その瞬間を薫は見逃さなかった。強く畳を蹴る。翔んだ。
「メェェェェェェェェンッ!」
場外を警戒した吉田選手は一歩も動けなかった。薫の竹刀が面を打つ。鮮やかな飛び込み面の一撃だった。
きれいな残心を決めた薫に赤旗三本がそろって挙がった。一瞬だけ静まり返った会場がドッと湧く。薫の勝利だった。
開始線に戻った両者は、蹲踞の体勢から立ちあがって後ろに下がり、一礼した。吉田選手は茫然自失といった体ではあるが、儀礼は身に沁みついているらしく、無意識に行えている。逃げに専念しても二本を取られた薫の実力に驚嘆しているのは間違いなかった。

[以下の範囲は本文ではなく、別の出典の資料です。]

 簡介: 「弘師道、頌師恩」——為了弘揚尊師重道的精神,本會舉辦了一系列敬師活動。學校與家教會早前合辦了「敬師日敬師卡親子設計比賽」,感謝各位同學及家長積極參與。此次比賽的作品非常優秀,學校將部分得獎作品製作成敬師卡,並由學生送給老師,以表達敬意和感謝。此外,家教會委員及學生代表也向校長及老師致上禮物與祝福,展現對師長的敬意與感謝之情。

この試合、彼女は何も得られなかった。薫は吉田選手の様子を見ながら、そのように思う。仮に瞬殺に終わっていたとしても、自分から立ち向かっていけば反省材料もあったはずなのに。そのことを薫は残念に思った。
ともあれ、これで琳昭館高校の先勝だ。幸先のいいスタートを切ったと言える。
「――っ!?」
喜ぶ仲間のところへ帰ろうとしたとき、薫は再び、あの殺気を感じた。やはり、気のせいなどではない。
「どうした、忍足?」
薫の不審な様子に、加世が怪訝な顔を向けてきた。
「いえ、何でもありません。――槇先輩、頑張ってください」
次鋒の槇亮子とすれ違いざまグータッチし、薫は普段通りを装った。
だが、しばらくの間、薫に突き刺さる殺気はなかなか消えなかった。
「いよいよね」
一回戦を終えた薫たちは観客席に戻った。
薫たち琳昭館高校は、二勝一敗二分けで二回戦進出。先鋒の薫と大将の加世は順当勝ちだが、あとは際どい試合だった。次の二回戦も気が抜けそうもない。
その前に薫には気になる試合があった。言うまでもなく、桃李女学院の試合だ。もちろん、目当ては土方しおんである。

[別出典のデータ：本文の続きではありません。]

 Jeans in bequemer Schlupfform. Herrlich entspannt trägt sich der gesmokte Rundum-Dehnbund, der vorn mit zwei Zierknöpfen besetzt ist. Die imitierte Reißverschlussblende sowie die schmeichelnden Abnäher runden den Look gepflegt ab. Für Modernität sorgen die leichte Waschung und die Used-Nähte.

次の次、三回戦まで勝ち上がれば、薫たちは桃李女学院と戦うことになる。わざわざ薫を名指しで挑んできた相手の実力はいかに。といっても、まだ、それがしおんであると決まったわけではなかったが、控室を久慈映子たちが訪れたとき、その後ろにいたのは補欠も含めて五人だったから、残る一人はそこにいなかったしおんということになる。

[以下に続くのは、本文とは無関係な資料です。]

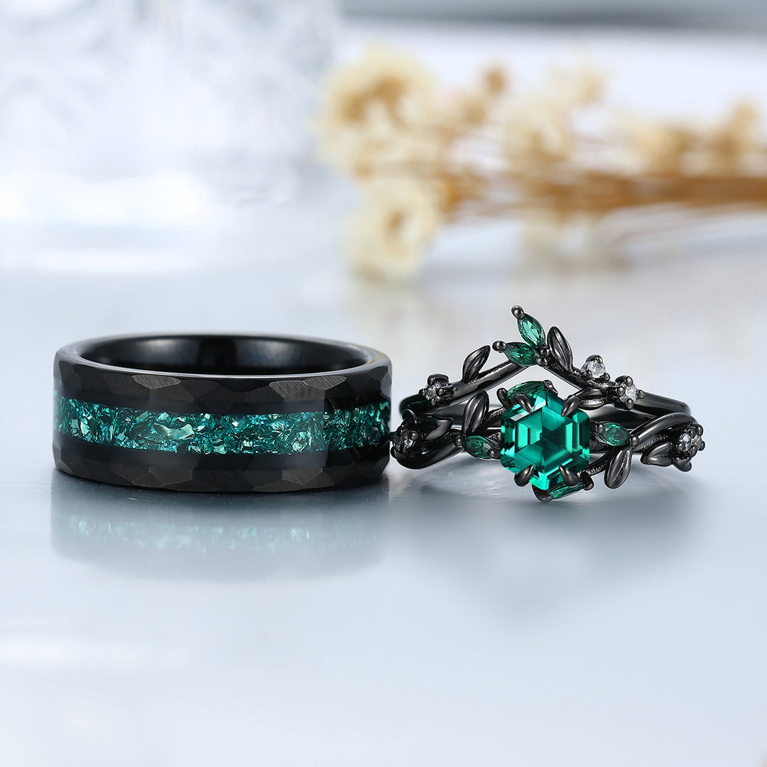 Twig Leaf-inspired Green Emerald Couple Rings Emerald Black Plated His And Hers Ring Set
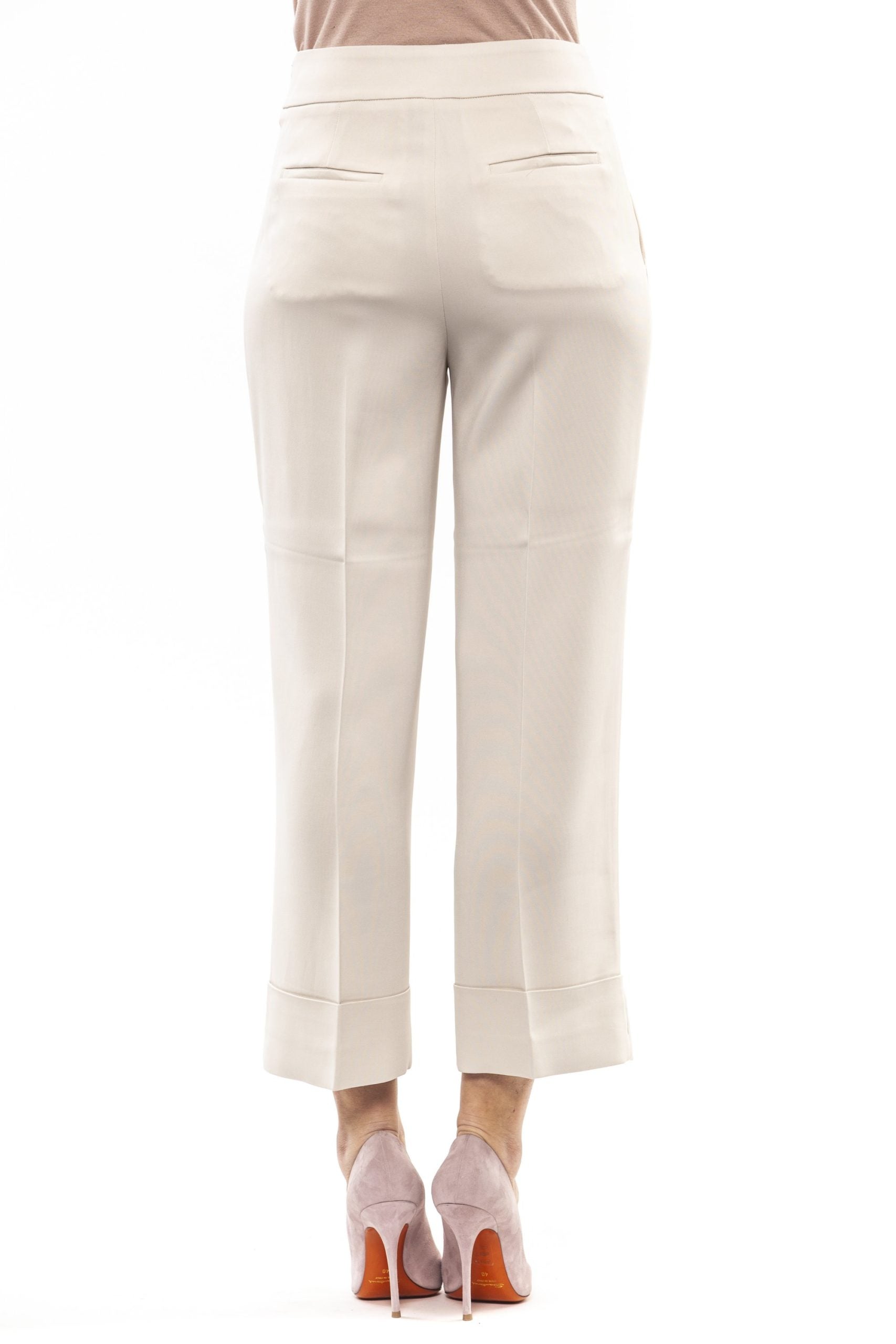 Weiche Hose. Zwei Taschen auf der Vorderseite und zwei Fadentaschen auf der Rückseite. Verschluss mit seitlichem Reißverschluss. Hohe Taille. Weite Passform mit Palazzo-Bein unten aufgeschlagen.

それでもまだ信じることができなかった。薫も一瞬だけ会っただけだが、いかにも良家のお嬢様といった感じで、つかさの言い草ではないが、とても剣道をやるようには見えなかったからだ。
それを確かめるためにも、しおんの試合は観ておく必要があった。
桃李女学院の相手は中邑高校だった。あまり名前を聞いたことがない高校だ。
すでに副将戦までが終了し、桃李女学院はここまで二勝一敗一分けでリードしていた。そして大将戦――
「中邑高校、大将、合川選手。桃李女学院、大将、土方選手」
アナウンスが両選手を試合場に呼び込んだ。土方しおん。やはり、間違いなさそうだ。
しかし、それよりも驚いたのは、主将である久慈映子が大将ではなく、副将として先程戦っていたことだろう。その映子は危なげなく二本勝ちした。
「どういうこと? あの娘が大将だなんて」
映子と中学時代から切磋琢磨してきた加世としては、彼女が大将でないことに不満をありありと見せていた。まるで二年の映子が一年のしおんよりも格下であるかのように見られるからだろう。加世の中では、映子こそがライバルなのだ。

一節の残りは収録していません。